In part one of our blog, we configured the Fluentd agent to pulls Cassandra database logs into vRealize Log Insight. If we stopped there, we would only get a partial picture of Cassandra environment if anything were to go wrong. Let’s take it to the next level and monitor the health and metrics of our Cassandra environment with the full power of vRealize Operations!
Configuring event forwarding to vRealize Operations:
In the first part of this blog, we extracted some important fields from the Cassandra events coming from Fluentd and created some simple widgets. Lets use that same method to send ‘database down’ events to vRealize Operations, for monitoring and alerting.
First, let’s find a database down event using the ‘cass_db_status’ field we created, and let’s look that event from all of our Cassandra source nodes. Once we find our shutdown events, click the ‘Create Alert from Query’ button to the right of the search bar.

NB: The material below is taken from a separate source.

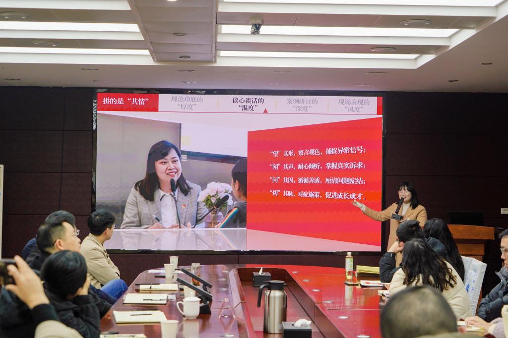 本次活动主讲人为四川省第十届辅导员素质能力大赛决赛优胜奖获得者、艺术学院辅导员唐铭和观摩本次比赛的辅导员代表雷非凡、汪美玲三位老师。唐铭结合参加决赛的经历,从赛事回顾、分项解析、临场应变及备赛策略四个维度作了分享报告,围绕基础知识测试、学情分析、谈心谈话、案例研讨四个比赛环节,深入剖析了备考策略、核心要点与临场应变技巧,强调了将理论知识与工作实践深度融合的重要性。雷非凡聚焦辅导员专业化建设,重点分析了比赛从案例分析向案例研讨的转变,以及新赛制在综合运用理论知识、逻辑思辨、协同合作等方面的新要求。汪美玲以“厚度、深度、温度、风度”概括了优秀辅导员的职业底色,通过生动的案例展示了如何在谈心谈话中实现从情绪疏导到价值引领的转化,引发了在场辅导员的强烈共鸣。

Clicking that button will bring up the screen to create a new alert. Let’s fill in the details, and under ‘Notify’, make sure you send the alert to vRealize Operations Manager. If you don’t have vROPS integrated with Log Insight, there is documentation on how to do so in our vRealize Operations VMware documentation site. We want to be alerted on any match of the event, and then we save this alert.
Now when this alert fires off in vRealize Log Insight, it will be sent as an alert in vRealize Operations, which we can then take action on.

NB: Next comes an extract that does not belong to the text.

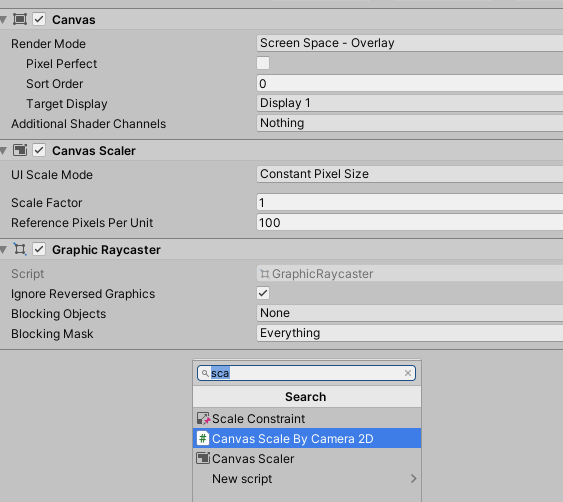 앞선 게시물에서 2D Camera를 설정하는 스크립트를 소개하였는데, 이어서 UGUI로 UI를 표시하기 위한 필수 컴포넌트인 Cavas를 설정하는 스크립트를 설명하고자 한다. 2D Camera는 다음의 링크를 참고 ht

It’s that simple to send a vRealize Log Insight alert to vRealize Operations. We could stop here, but then we’d be leaving out one of vRealize Operation’s biggest features: Application Monitoring. Let’s continue and see how we can configure metrics collection from Cassandra using vRealize Operation’s application monitoring capabilities.
Configuring the vRealize Operations Telegraf Agent:
The application monitoring agent for vRealize Operations lets us pull lots of great metrics and stats from dozens of applications. We can use these metrics to troubleshoot when a service goes down due to resource contention or a hardware/software failure anywhere down the application stack.
Let’s start by pushing a Telegraf agent to each Cassandra Linux VM via vRealize Operations. The actual steps are documented in our vRealize Operations documentation in the link I have provided above and are beyond the scope of this write-up.
We also need to configure the Jolokia Java plugin for Cassandra, to collect metrics from the database to send to vRealize Operations.
I’ve taken these instructions from the Cassandra Integration for Wavefront, as Wavefront uses the same agent as vRealize Operations:
Cassandra Integration – Telegraf
Once an agent is connected and collecting and your curl comes back successful for the Jolokia plugin on each node, we can configure them for Cassandra.
Configuring vRealize Operations Application Monitoring:
Back in vRealize Operations, under ‘Application Monitoring’, you should see discovered (but not configured) Cassandra services once the agents are deployed. Click on ‘discovered’ to start configuring the agents.
On the next screen, we see our VMs and the agent status. Click on the ‘Manage Services’ button in the top menu and choose ‘cassandra’.
In this configuration screen, we need to give a display name, the localhost Jolokia URL relative to the Telegraf agent, not relative to vRealize Operations, and port on the Cassandra VM, and the Cassandra install path in the VM.
Once we save, the agent should start collecting metrics from the Jolokia plugin.
Finally, we can click on ‘Show Detail’ for a specific agent, and see all the active alerts, metrics, and events for the entire stack, from the host hardware, to the datastore, VM, operating system and even the Cassandra database application.
Here is a list of the metrics that Telegraf collects for Cassandra. There is a document like this for every application’s metrics that we collect with application monitoring.
Cassandra Database Metrics – vRealize Operations
Now you can create vRealize Operations alerts based on these application metrics, and correlate alerts coming from Log Insight with metrics in vRealize Operations, to get a single pane of glass view of your application environment.
Now we have full end to end visibility into our Cassandra application environment, and a one stop area to troubleshoot and pinpoint where the issues are without spending hours upon hours digging through logs and trying to correlate events with metrics. Of course, this writeup can be a guide for monitoring any supported application with vRealize Log Insight and vRealize Operations, as the concepts are the same. Good luck and thanks for reading!